Ignazio Rosato, sceneggiatore di film di successo tra cui Tuttapposto e Spaccaossa presenta il suo
primo romanzo: Il grano nero. Già alla prima ristampa a dieci giorni dall’uscita, sarà presentato a
Palermo al Giardino dei Giusti, via Alloro 90, il 4 maggio alle 17.00. Dialoga con l’autore Fulvio
Viviano, giornalista di Sky TG 24 e Vincenzo Pirrotta, attore e regista che leggerà alcuni estratti
del romanzo.
Una storia ambientata ancora una volta nella sua Sicilia. ma stavolta nel 1893, nei mesi che
portarono alla feroce repressione armata del movimento dei Fasci Siciliani ordinata da Francesco
Crispi. Mentre a Palermo i nobili decadenti lasciavano spazio alle famiglie rampanti, nell’

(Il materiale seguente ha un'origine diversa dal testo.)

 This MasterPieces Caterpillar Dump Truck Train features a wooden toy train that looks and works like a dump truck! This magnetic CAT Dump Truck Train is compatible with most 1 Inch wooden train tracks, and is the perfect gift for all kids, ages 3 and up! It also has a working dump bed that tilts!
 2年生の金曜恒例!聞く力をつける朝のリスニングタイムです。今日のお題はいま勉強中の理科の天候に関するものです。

entroterra, a Bisacquino, si aggrappavano allo sfruttamento dei contadini per mantenere i loro
privilegi. In questa cornice si realizza lo sciopero dei mezzadri contro i latifondisti e ’Nofrio
Patania, il protagonista del romanzo, è tra i capi. Quando la rivolta si piega sotto l’onda del potere
l’esistenza di ’Nofrio e della sua famiglia viene stravolta per sempre.

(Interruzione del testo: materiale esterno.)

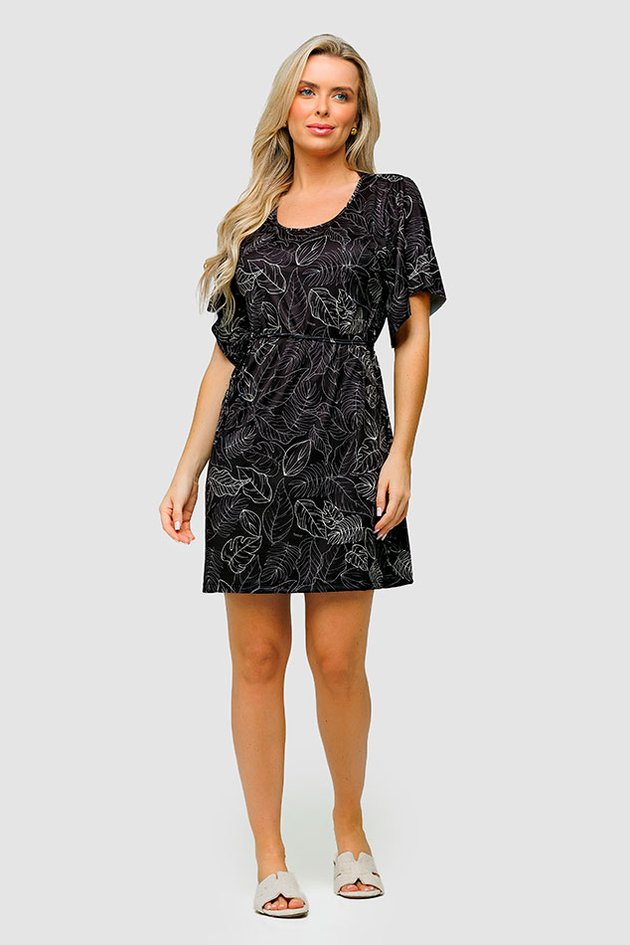 Nosso Vestido Kaftan com estampa de folhagem na cor preta é super versátil. Ideal para diversas ocasiões, desde um passeio casual até um evento mais descontraído.

L’autore ha dichiarato: “Spesso la Sicilia di quegli anni è stata raccontata nei sontuosi palazzi
nobiliari delle città. Io ho cercato di raccontare la Sicilia delle campagne, quella scordata, quella
dei vinti dal destino, dalla miseria e dal sopruso. Ma che odora di dignità e di libertà”.
Una storia necessaria, che arriva nel 130esimo anniversario del processo ingiusto che portò
alla sbarra i dirigenti dei Fasci siciliani. L’autore racconta questo spaccato di storia e di Sicilia
tramite lo sguardo di una piccola comunità dell’entroterra palermitano. Una narrazione
commovente e sincera, che ripercorrendo i fatti storici, disegna un ritratto umano intimo ed
emozionante. Il grano nero restituisce agli uomini e alle donne siciliane dimenticate, una
voce autentica che riesce a parlare di amore e libertà all’uomo di oggi.